Here's the start of a fractal terrain generator I'm working on:

; vertex of three coords.
(define-struct vertex (x y z))

; make a new vertex by bisecting an edge and calculating a random height.
(define (new-vertex v0 v1)
  (let ([x0 (vertex-x v0)]
        [y0 (vertex-y v0)]
        [z0 (vertex-z v0)]
        [x1 (vertex-x v1)]
        [y1 (vertex-y v1)]
        [z1 (vertex-z v1)])
    (make-vertex
     (/ (+ x0 x1) 2)
     (/ (+ y0 y1) 2)
     (+ (/ (+ z0 z1) 2) (random-offset v0 v1)))))

; how to calculate the random height.
(define (random-offset v0 v1)
  (let ([x0 (vertex-x v0)]
        [y0 (vertex-y v0)]
        [z0 (vertex-z v0)]
        [x1 (vertex-x v1)]
        [y1 (vertex-y v1)]
        [z1 (vertex-z v1)])
    (let ([l (sqrt (+ (expt (- x1 x0) 2) (expt (- y1 y0) 2) (expt (- z1 z0)
2)))])
      (* l (- 1 (exact->inexact (/ (random 200000) 100000)))))))

; take a triangle and make four new ones by connecting the midpoints of
edges.
(define (calculate-new-triangles a b c)
  (let ([d (new-vertex a b)]
        [e (new-vertex b c)]
        (f (new-vertex c a)))
    `((,a ,d ,f) (,d ,b ,e) (,e ,c ,f) (,d ,e ,f))))

; take a list of triangles and make four new triangles for each original
triangle.
(define (new-triangles triangles)
  (if (null? triangles) '()
      (append
       (calculate-new-triangles (caar triangles) (cadar triangles) (caddar
triangles))
       (new-triangles (cdr triangles)))))

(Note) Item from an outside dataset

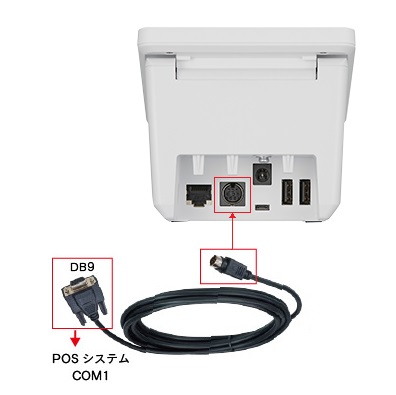 ②-POS連動ケーブルのDB9をPOSの「COM1ポート」へケーブルを接続します。
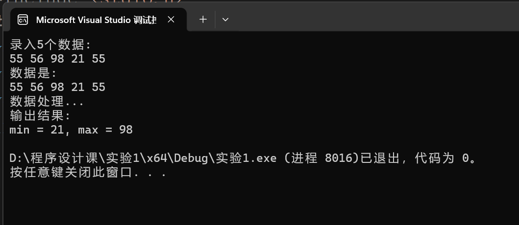 #include <stdio.h> #define N 5 void input(int x[], int n); void output(int x[], int n); void find_min_max(int x[], int n, int* pmin, int* pmax); int main() { int a[N]; int min, max; printf("录入%d个数据:\n", N); input(a, N); printf("数据是: \n"); output(a, N); printf("数据处理...\n"); find_min_max(a, N, &min, &max); printf("输出结果:\n"); printf("min = %d, max = %d\n", min, max); return 0; } void input(int x[], int n) { int i; for (i = 0; i < n; ++i) scanf("%d", &x[i]); } void output(int x[], int n) { int i; for (i = 0; i < n; ++i) printf("%d ", x[i]); printf("\n"); } void find_min_max(int x[], int n, int* pmin, int* pmax) { int i; *pmin = *pmax = x[0]; for (i = 1; i < n; ++i) if (x[i] < *pmin) *pmin = x[i]; else if (x[i] > *pmax) *pmax = x[i]; }

; generate terrain by starting with a single equilateral triangle and
generating new triangles
; for several (small integer) itterations.
(define (gen-terrain triangles iterations)
  (if (= iterations 0) triangles
      (gen-terrain (new-triangles triangles) (- iterations 1))))

(define equilateral-triangle
  (list (make-vertex 0 0 0)
        (make-vertex 1 0 0)
        (make-vertex 0.5 (/ (sqrt 3) 2) 0)))

(length (gen-terrain (list equilateral-triangle) 7))


So take a triangle, split it up into four new triangels by considering
the midpoints of edges in the original triangle.

It's an exponential algorithm. The first itteration makes 4 then 16 then 64
and so on.
6 itterations makes a list of 4096 triangles. 7 itterations should make 16k
triangles, but
it won't finish in MrEd. I ran it overnight in MzScheme, don't know how long
it took, but
it took longer than the several minutes I waited before I left.

I'm running (most likely) a debug build for both MrEd and MzScheme.

Here are some more details and some related questions:
4096 triangles takes only a few seconds, I would expect 16k triangles to
take about 4 times as long
instead, after several minutes, MrEd vanishes from my screen without a
trace. :-( --- hey, wait a minute,
this is Scheme, that's not supposed to happen! If it's running out of
memory, shouldn't it post some sort of
error or something? Is this happening because I'm running debug? I assume it
will run faster if I rebuild retail.

So now I'm wondering about tail-call optimization and how/whether MzScheme
uses the/a stack etc.

As for tail call stuff:
In the code above, gen-terrain uses a tail call, i.e. nothing happens to the
value returned by the
recursive call to gen-terrain. So, as I understand it, this will get
replaced by a simple loop by
the compiler.

Now, new-triangles, on the other hand is not a tail call, since the
recursive call returns to append.
I rewrote using a tail call like this:
(define (new-triangles old-v new-v)
  (if (null? old-v) new-v
      (new-vertices (cdr old-v) (append
                                 (calculate-new-triangles (caar old-v)
(cadar old-v) (caddar old-v))
                                        new-v))))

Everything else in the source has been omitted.